Oslo Børs has agreed the acquisition of Nordic-focused market Burgundy, providing further evidence of an increasingly challenging environment for alternative venues in Europe.
The Norwegian exchange – the only Scandinavian stock market that isn’t owned by Nasdaq OMX – said it plans to continue the development of Burgundy’s business, such as through the listing of exchange-traded funds, structured notes and warrants.
Burgundy was set up by a consortium of 14 Nordic financial institutions and launched in May 2009. It offers trading in over 1,000 Swedish, Norwegian, Finnish and Danish shares, as well as warrants, exchange-traded funds and certificates.
Oslo Børs will retain Burgundy CEO Olof Neiglick and plans to set up a customer-based advisory board in Sweden, the venue’s most successful market. Last month, Burgundy traded 3.3% of Swedish blue chips.
Burgundy, which has 34 trading members, will also switch to the London Stock Exchange’s Millennium Exchange trading platform next year from its current system supplied by Swedish technology vendor Cinnober. Oslo Børs is planning its own migration to Millennium Exchange next month.
While admitting low levels of equity trading contributed to Burgundy’s decision to sell, Neiglick said teaming up with an established domestic exchange would let the firm pursue its next phase of growth.
“Low trading volumes were a factor, but the strategic element is also a major part of this deal,” he told theTRADEnews.com. “By switching to Millennium, we will have a shared technology infrastructure with exchanges in Oslo, London and Milan, which automatically puts us on the radar of over 400 brokers in Europe and beyond.”
Neiglick added Burgundy was planning to offer corporate bonds on its platform after the deal is finalised, revealing he was already in talks with a few Swedish companies over a potential listing.
Since launching in 2009, Burgundy has built up a 2.3% share of trading across Swedish, Finnish, Danish and Norwegian stocks, according to September market share figures from Thomson Reuters. The largest multilateral trading facility (MTF) for Nordic stocks last month was BATS Chi-X Europe’s CXE order book, which garnered an 18.3% share.
The sale of Burgundy marks the further consolidation of alternative venues in Europe following the purchase of Chi-X Europe by BATS Global Markets last year, the acquisition of Turquoise by the London Stock Exchange in 2010 and the closure of Nasdaq OMX Europe, also in 2010.

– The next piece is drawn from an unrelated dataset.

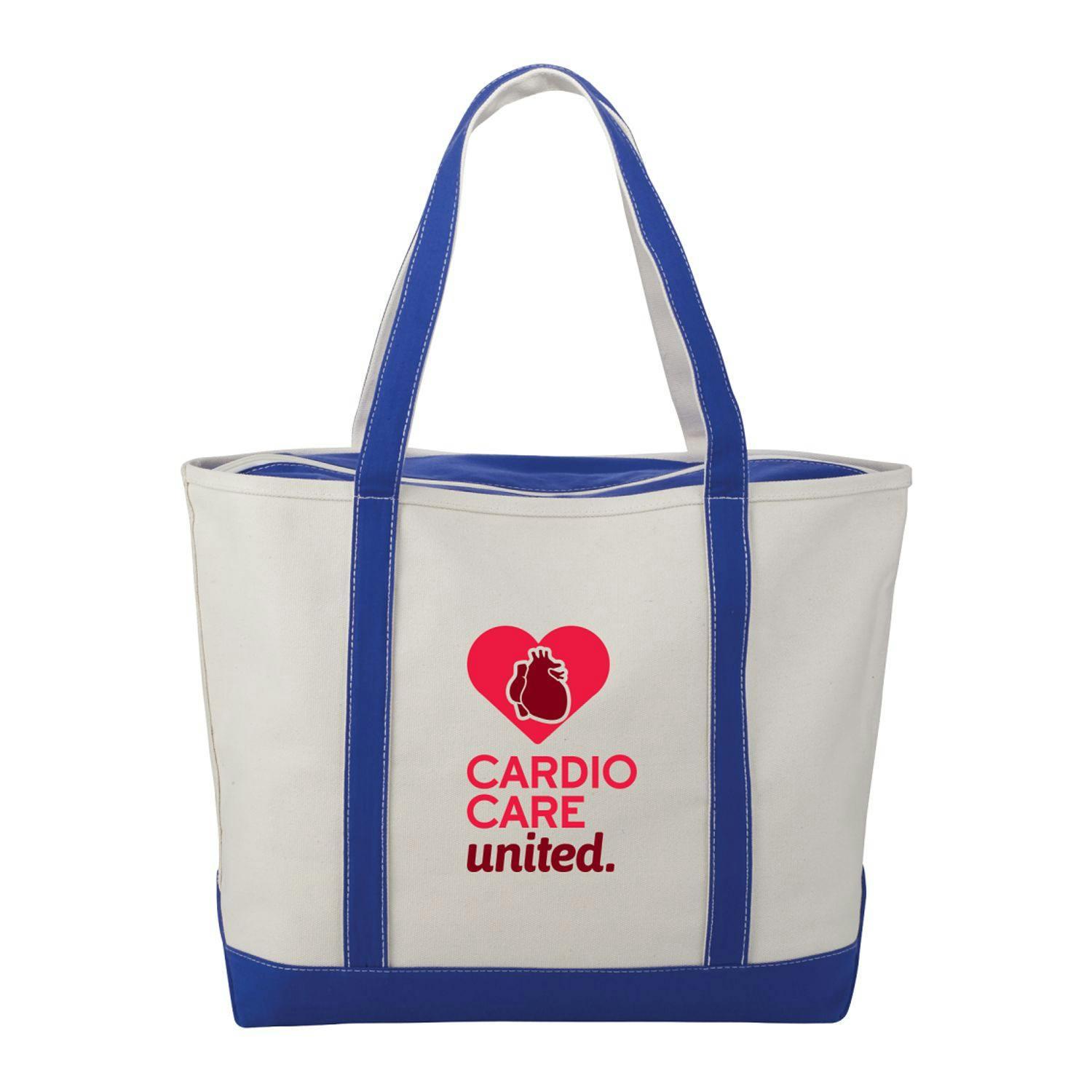 Large Heavyweight Cotton Canvas Zippered Tote — Made from premium bleached cotton, this classic boat-style tote is built for travel, outdoor events, trade shows and everyday errands. Zippered main compartment keeps belongings secure, plus an open interior pocket for phone/keys and 11" drop handles for comfortable over-shoulder carry. Roomy 23" W x 15" H x 7" D capacity, reusable and available in multiple colors — a durable, customizable promotional tote bag ideal for giveaways and retail.

“The Burgundy situation is another episode in the reconsolidation of European market structure driven by the need to rationalise costs,” said Christian Bower, commercial director at multilateral trading facility Quote MTF, adding the deal was a sign of how desperate the environment had become for alternative venues in Europe. “Many of the current venues are simply uneconomical and are being kept alive for positioning and political reasons. In many instances, this is performed by traditional exchanges to give the illusion of competition.”
According to Alasdair Haynes, CEO of Aquis, an MTF aiming for a Q2 2013 launch, the sale of Burgundy only reinforces the view that European equity trading is becoming a duopoly between domestic exchanges and BATS Chi-X Europe.
“To succeed, alternative trading venues need to be pan-European and offer something different,” he said. “Volumes are too low to sustain an alternative niche geographical market in Europe right now.”
According to Thomson Reuters data, a combination of BATS Chi-X Europe and domestic markets accounted for over 85% of European equity trading in September.
Bower agreed, adding a renewed push for competition in European equity trading was vital.
“One need look no further than the central and eastern European region where brokers are suffering from the huge costs of transacting business on incumbent exchanges,” he said.
Bower said Quote MTF, which traded 0.05% of European equities last month, diversified its revenues by running trading technology platforms for third-parties and that Quote MTF expects to break even by Q1 2013.